Selama delapan bulan ini mereka hidup dari uang tabungan saja. Itu sebabnya mereka sangat hemat dalam menggunakan uang. Pak Teguh belum mendapatkan pekerjaan lagi. Istrinya, yaitu si perempuan cantik, sangat pintar mengolah keuangan dan juga mengolah bahan makanan seadanya menjadi sesuatu yang bisa mereka konsumsi.
Mereka memanfaatkan sedikit lahan di belakang rumah untuk menanam sayuran, singkong, dan beberapa jenis tanaman lain yang bisa dimanfaatkan untuk kebutuhan sehari-hari.

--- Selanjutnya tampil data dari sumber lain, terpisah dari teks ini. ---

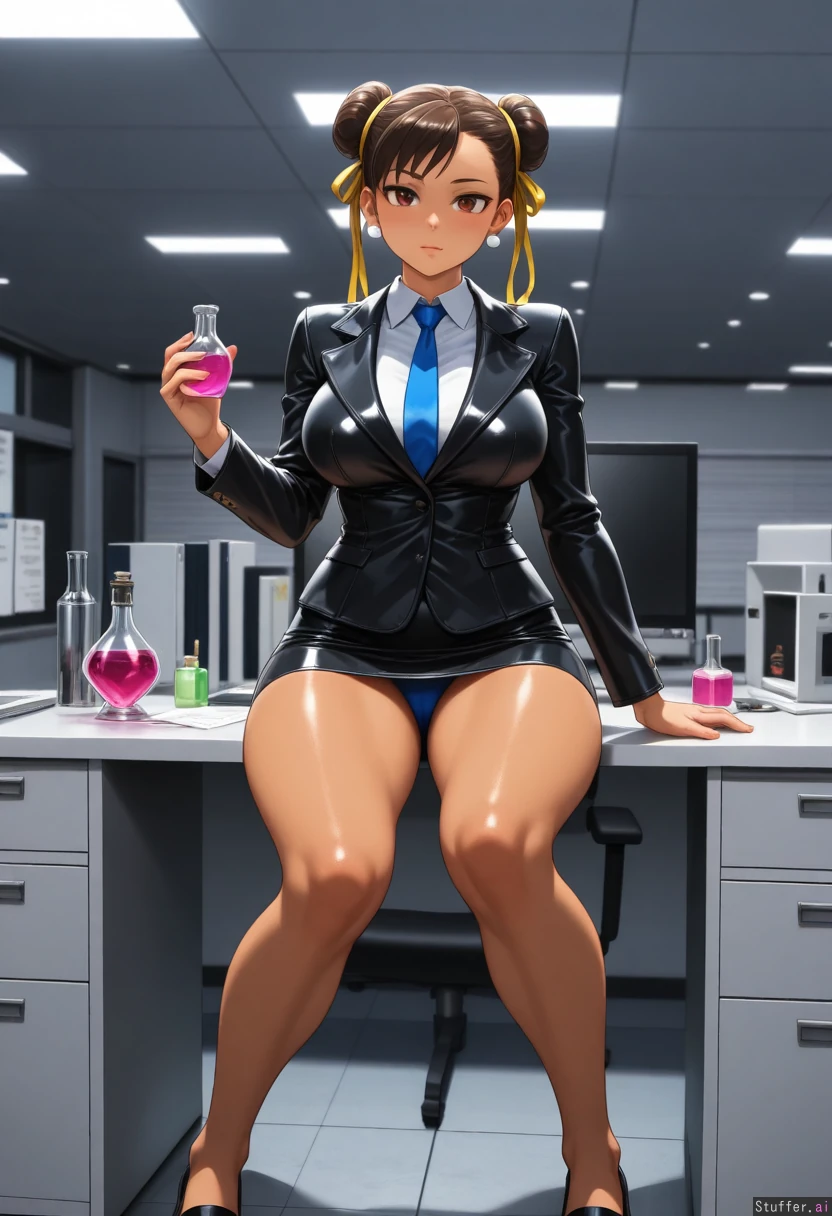 ((Highest quality, high resolution, hdr, uhd, 8k, incredible shading and lighting, high detail)) Location: desk 1 female, (solo), (Chun-li), (wearing office clothes, Mini skirt Leather, no hat), (morbidly obese:.0), (gigantic fat belly:.0), (, hearts), potion blue, drink potion, Drinking potion

Benar-benar keluarga yang bisa dijadikan contoh dalam hal menerima keadaan dan takdir yang diberikan. Aku jadi ingat kepada anak-anak Pramuka, yang diajarkan untuk menjadi manusia yang hemat, cermat, dan bersahaja. Itulah yang aku pelajari selama di rumah pak Teguh.
Mereka tanpa mengeluh, tetap menjalani hidup dengan baik dan menggunakan uang dengan cermat dan hemat. Bahkan sampai satu minggu ini, aku masih awet. Kira-kira masih setengah lagi isi tubuhku. Di rumah lain, aku bisa habis sekitar satu minggu. Bahkan ada yang menghabiskan isi tubuhku hanya tiga hari saja.
***
Dari pengalamanku selama berada di rumah pak Teguh, aku meyakini bahwa yang namanya membicarakan orang lain tidak pernah ada baiknya.
Mereka membicarakan keluaga pak Teguh yang kaya dengan rumah besar, mengapa masih menggunakan gas melon untuk memasak. Mengapa mereka jarang belanja. Bahkan anaknya yang hampir tidak pernah jajan pun dibicarakan.
Hah! Dasar ibu-ibu dan bapak-bapak tukang gibah!
Aku rasanya ingin marah ke mereka! Andai aku bisa berteriak di hadapan mereka!
Hoi! Jangan suka membicarakan orang lain seenak udelmu sendiri! Kalian tidak tahu apa yang mereka alami. Kalian tidak tahu usaha apa yang telah mereka jalani. Yang aku tahu, kalian sudah membuat gibahan ini berjalan ratusan kilometer jauhnya, tanpa bisa dikendalikan.
Bisik-bisik dan gibahan kalian telah merugikan keluarga kecil yang bersahaja. Tidak kenal tapi sok tahu dan sok mengerti.
Yakin kalian bisa mempertanggungjawabkan gibahan kalian?
Yakin bisa?
Hhhh… dasar! Mulut-mulut tukang gibah! Entah kapan kalian bisa berubah!